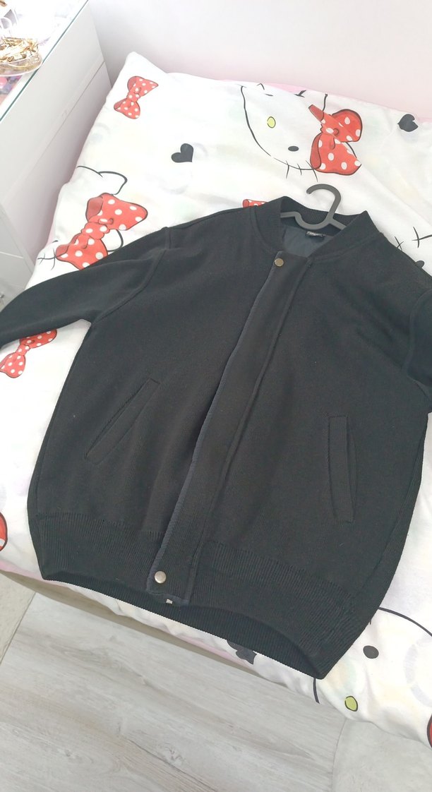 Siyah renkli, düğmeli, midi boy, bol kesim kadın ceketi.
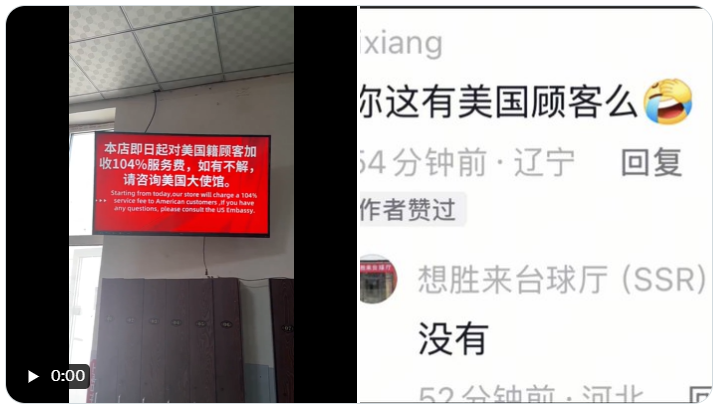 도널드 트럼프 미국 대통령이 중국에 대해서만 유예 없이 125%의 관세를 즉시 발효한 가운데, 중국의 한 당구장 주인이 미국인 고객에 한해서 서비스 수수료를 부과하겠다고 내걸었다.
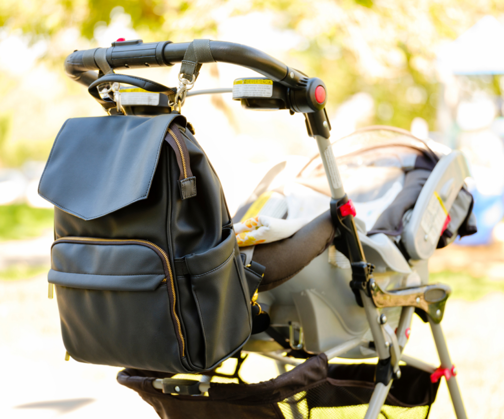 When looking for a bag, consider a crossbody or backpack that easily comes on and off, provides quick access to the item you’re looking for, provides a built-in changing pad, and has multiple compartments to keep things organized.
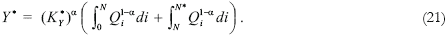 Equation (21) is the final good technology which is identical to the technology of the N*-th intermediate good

# # # # #

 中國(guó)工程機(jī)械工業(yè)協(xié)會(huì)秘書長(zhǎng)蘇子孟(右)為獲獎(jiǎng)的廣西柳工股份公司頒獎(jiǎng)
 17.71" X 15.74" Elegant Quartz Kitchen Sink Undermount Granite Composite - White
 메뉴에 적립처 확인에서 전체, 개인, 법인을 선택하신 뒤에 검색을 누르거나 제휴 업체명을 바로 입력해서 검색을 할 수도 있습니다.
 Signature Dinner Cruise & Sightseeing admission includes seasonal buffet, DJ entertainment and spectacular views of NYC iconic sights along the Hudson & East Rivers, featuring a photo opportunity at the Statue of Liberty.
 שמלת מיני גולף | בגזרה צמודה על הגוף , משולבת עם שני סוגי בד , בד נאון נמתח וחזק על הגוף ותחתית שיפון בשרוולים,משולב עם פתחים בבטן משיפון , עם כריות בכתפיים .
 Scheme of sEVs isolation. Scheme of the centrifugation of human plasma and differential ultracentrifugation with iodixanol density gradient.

# # # # #

TO DO - Return the stretch of data that begins with the line showing "도널드 트럼프 미국 대통령이" and goes on through the line showing "Equation (21) is", exactly, with pictures removed.

REPLY -
 도널드 트럼프 미국 대통령이 중국에 대해서만 유예 없이 125%의 관세를 즉시 발효한 가운데, 중국의 한 당구장 주인이 미국인 고객에 한해서 서비스 수수료를 부과하겠다고 내걸었다.
 When looking for a bag, consider a crossbody or backpack that easily comes on and off, provides quick access to the item you’re looking for, provides a built-in changing pad, and has multiple compartments to keep things organized.
 Equation (21) is the final good technology which is identical to the technology of the N*-th intermediate good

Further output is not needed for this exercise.